Он достает из кармана пальто скомканную белую колбаску:

– Всё что есть.

Попрощались. Двое ползут наверх. На полпути им навстречу из темноты взметается пламя. Ступеньки подпрыгивают под ногами, слышен грохот. Застывают в ожидании. Вскоре двигаются дальше. Как можно быстрее – на батарею!

3

Верю, что как в III Армейском корпусе, так и во всей армии на этот счет может быть только одно мнение: мы скорее положим на поле боя все наши 18 корпусов и 42 миллиона жителей, чем отдадим хоть один камень из той земли, что завоевана моим отцом и принцем Фридрихом Карлом. Памятуя об этом, поднимаю я свой бокал…

(Вильгельм II, 16 августа 1888 г., Франкфурт-на-Одере)

4

Когда около десяти часов вечера к батарее 1/96 неожиданно подъехали шесть подвод с боеприпасами, огонь противника после долгого перерыва переместился с передовой на ближние тылы. Повозки снабженцев, несмотря на официальные приказы, крики и ругательства, не удалось уговорить подъехать поближе к позиции. Еще на подходе к ней снабженцы повыкидывали корзины со снарядами из повозок, разбросав их в полном беспорядке по всему участку, а затем бросились врассыпную и скрылись.

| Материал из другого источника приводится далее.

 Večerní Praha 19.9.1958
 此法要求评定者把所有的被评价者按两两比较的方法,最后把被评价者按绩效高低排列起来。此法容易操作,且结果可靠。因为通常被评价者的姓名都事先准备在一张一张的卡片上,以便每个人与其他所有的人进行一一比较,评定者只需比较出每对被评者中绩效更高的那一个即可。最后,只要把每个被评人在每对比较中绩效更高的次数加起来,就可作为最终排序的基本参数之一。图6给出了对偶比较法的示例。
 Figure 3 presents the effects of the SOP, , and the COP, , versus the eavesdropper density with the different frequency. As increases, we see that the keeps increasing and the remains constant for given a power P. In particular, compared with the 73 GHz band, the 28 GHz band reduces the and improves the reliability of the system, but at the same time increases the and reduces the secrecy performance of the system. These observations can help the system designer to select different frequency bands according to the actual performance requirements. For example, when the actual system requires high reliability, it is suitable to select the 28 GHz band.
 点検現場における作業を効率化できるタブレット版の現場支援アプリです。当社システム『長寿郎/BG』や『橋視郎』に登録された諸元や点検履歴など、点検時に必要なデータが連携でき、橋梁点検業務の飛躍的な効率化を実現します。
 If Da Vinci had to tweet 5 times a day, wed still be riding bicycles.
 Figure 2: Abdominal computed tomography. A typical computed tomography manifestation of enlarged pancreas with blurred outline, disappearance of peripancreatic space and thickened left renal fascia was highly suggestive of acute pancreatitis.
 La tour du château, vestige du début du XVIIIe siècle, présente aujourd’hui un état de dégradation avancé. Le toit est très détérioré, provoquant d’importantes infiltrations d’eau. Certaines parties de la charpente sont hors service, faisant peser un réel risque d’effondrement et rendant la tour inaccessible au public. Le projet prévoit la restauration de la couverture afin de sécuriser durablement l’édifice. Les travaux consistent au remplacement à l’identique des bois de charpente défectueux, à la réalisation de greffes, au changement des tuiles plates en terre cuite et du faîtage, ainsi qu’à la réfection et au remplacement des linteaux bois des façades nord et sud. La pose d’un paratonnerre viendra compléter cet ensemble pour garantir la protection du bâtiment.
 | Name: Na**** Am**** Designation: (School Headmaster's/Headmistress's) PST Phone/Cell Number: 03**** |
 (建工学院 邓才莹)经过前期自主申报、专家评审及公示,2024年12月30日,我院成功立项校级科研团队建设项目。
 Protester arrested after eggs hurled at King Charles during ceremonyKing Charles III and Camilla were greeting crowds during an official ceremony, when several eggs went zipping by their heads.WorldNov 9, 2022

Батарея засела по своим норам. На левом фланге поля командовал капитан Зиберт, на втором орудии, кроме обслуги, – Райзигер, на третьем – Россдорф, на четвертом – Штиллер.

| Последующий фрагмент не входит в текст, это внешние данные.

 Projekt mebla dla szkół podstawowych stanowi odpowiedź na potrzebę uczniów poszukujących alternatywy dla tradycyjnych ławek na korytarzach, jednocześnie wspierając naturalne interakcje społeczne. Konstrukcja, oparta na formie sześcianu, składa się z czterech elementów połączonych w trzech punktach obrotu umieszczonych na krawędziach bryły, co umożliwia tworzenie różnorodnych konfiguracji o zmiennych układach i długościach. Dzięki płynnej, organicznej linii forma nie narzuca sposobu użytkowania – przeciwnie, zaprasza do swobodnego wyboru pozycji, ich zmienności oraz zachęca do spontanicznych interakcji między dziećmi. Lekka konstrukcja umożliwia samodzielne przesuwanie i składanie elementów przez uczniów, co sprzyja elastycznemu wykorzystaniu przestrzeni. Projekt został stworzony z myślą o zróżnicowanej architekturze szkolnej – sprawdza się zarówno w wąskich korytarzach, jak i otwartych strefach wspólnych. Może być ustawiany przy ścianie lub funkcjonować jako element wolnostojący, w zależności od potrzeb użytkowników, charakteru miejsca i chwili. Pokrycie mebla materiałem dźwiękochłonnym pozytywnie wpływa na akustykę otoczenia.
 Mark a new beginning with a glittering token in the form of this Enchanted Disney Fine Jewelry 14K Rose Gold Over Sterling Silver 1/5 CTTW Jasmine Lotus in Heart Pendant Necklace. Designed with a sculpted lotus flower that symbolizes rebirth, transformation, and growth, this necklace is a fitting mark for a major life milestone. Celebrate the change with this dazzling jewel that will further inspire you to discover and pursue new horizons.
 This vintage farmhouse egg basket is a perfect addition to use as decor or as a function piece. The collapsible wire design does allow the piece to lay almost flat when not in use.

Спереди и сзади батареи барабанил снарядами противник.

Буря, непрестанные вспышки. При каждом ударе огонь красным и желтоватым пламенем взметался в небо на несколько метров. Вверху висела голубоватая полная луна – жирная, дородная, она испускала бледный жуткий свет. У всех сделались беловато-синие лица, всё это выглядело как какое-то безумие.

Между вторым и третьим орудиями за холмом в качестве сигнальщика лежал канонир. Его голова в стальном шлеме была прижата к земле, открытой оставалась только узкая щель для глаз.

Внезапно он взревел, упал навзничь, покатился по склону и остался лежать там.

Крик услышали – со второго расчета отправили на смену нового сигнальщика, он лег на том же месте.

Около одиннадцати часов, когда луна стояла в небе прямо над батареей, он выкрикнул:

– Заградительный!

Батарея дала залп. Орудия били на отметку в тысяча семьсот метров. Первый залп по противнику дали, едва прозвучал сигнал тревоги.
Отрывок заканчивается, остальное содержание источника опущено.